After that, basketball was put on the back burner for awhile.  I got married and started having babies and before I knew it, years had passed.  And then my kids started playing sports.  I volunteered to coach whenever I could.  A lot of parents don't have the time or the knowledge or the desire, but when I wasn't coaching, I always wished I was.  I have coached boys' basketball, and girls' basketball, and even cheerleading.  
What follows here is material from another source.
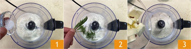 Para preparar las mini tartas con patatas, brócoli y anchoas, comienza con la base de masa quebrada salada: en el vaso de la batidora coloca la harina, la sal gruesa 1 y algunas agujas de romero fresco 2. Añade ahora la mantequilla fría en cubos, directamente del frigorífico 3.
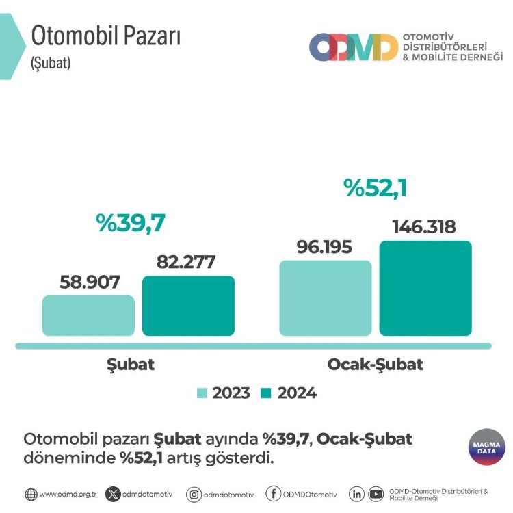 Otomobil ve hafif ticari araç pazarı ile ilgili istatistiki paylaşan ODMD verilerine göre otomobil satışları, 2024 yılı Ocak-Şubat döneminde geçen yıla göre yüzde 52,11 oranında artarak 146 bin 318 adet, hafif ticari araç pazarı yüzde 9,8 artarak 39 bin 373 adet oldu.

This year, when I took Owen to his first basketball practice, where the boys were separated into teams, I hadn't intended on coaching.  But when the hour of practice was over and still no dad from his team had offered to coach, I walked up and asked if they allowed moms to coach at this level.  I'm sure many 4th, 5th, and 6th grade boys don't really think it's cool to have their moms coaching their teams, but Owen said he was okay with it.  And that was that.  I had eleven boys staring at me as their coach, wondering what, exactly, I had to offer them.  I quickly assured them that I wouldn't be there as a MOM.  I was there to teach them not only how to play the game, but about sportsmanship and respect and determination.  Sunday was our last game.  I had been given seven weeks with these boys.  Eleven boys who were there because they had come to play.  And on Sunday, they showed me they could.  They boxed out and rebounded and threw bounce passes and ran full court fast breaks and hit crucial three-pointers when we needed them.  On Sunday, they rose to the occasion.  And I might have been on the sidelines as their coach, but I was cheering every single one of them on as a proud parent, because when I coach, those kids become MY kids. I don't know a better way to teach someone to love a sport, than to show them how much I love it, too.

What do you love?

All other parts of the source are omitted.